**Data for this exercise:**
╭──

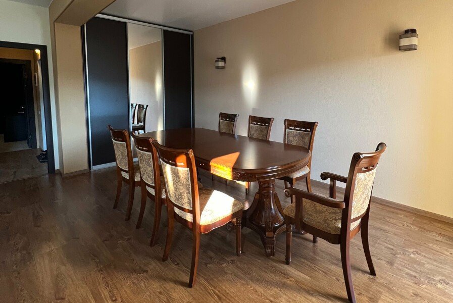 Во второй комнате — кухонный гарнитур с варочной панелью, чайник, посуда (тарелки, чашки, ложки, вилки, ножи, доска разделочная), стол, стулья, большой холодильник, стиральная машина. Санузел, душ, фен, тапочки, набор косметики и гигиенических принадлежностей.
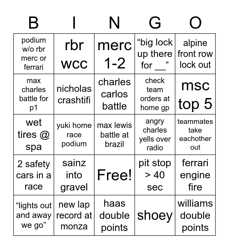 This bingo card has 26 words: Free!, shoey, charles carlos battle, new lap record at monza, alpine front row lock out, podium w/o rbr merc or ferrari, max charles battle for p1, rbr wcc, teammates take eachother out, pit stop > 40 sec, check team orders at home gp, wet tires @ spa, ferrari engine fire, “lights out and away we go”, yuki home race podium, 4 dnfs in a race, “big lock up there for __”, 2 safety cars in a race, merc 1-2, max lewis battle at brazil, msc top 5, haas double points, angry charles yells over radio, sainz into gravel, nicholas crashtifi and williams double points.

╰──
╭──

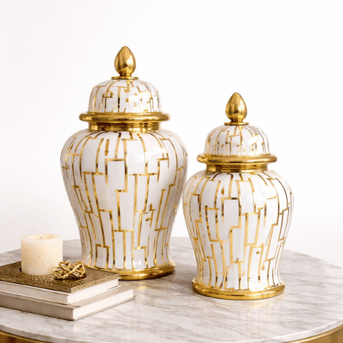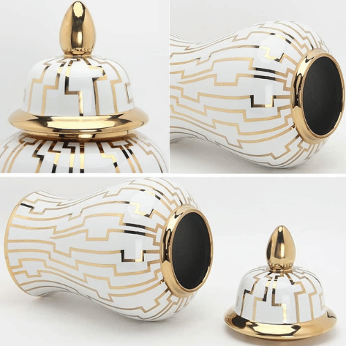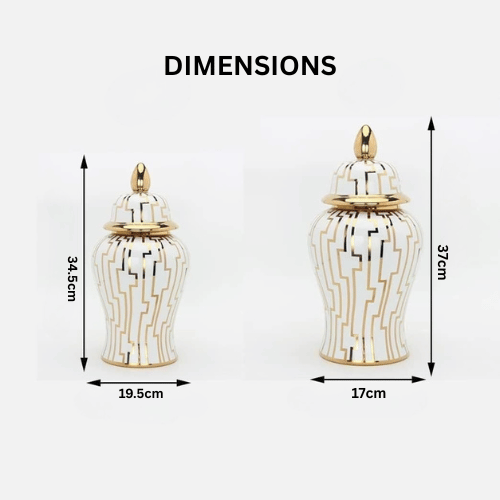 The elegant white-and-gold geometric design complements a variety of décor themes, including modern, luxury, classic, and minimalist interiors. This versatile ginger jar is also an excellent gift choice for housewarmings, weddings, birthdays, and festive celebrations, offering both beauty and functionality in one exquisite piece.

╰──

**Task brief:** Copy word for word only the lines above from the one with "Во второй комнате" through the one with "This bingo card". Leave pictures out.

**Exercise result:**
 Во второй комнате — кухонный гарнитур с варочной панелью, чайник, посуда (тарелки, чашки, ложки, вилки, ножи, доска разделочная), стол, стулья, большой холодильник, стиральная машина. Санузел, душ, фен, тапочки, набор косметики и гигиенических принадлежностей.
 This bingo card has 26 words: Free!, shoey, charles carlos battle, new lap record at monza, alpine front row lock out, podium w/o rbr merc or ferrari, max charles battle for p1, rbr wcc, teammates take eachother out, pit stop > 40 sec, check team orders at home gp, wet tires @ spa, ferrari engine fire, “lights out and away we go”, yuki home race podium, 4 dnfs in a race, “big lock up there for __”, 2 safety cars in a race, merc 1-2, max lewis battle at brazil, msc top 5, haas double points, angry charles yells over radio, sainz into gravel, nicholas crashtifi and williams double points.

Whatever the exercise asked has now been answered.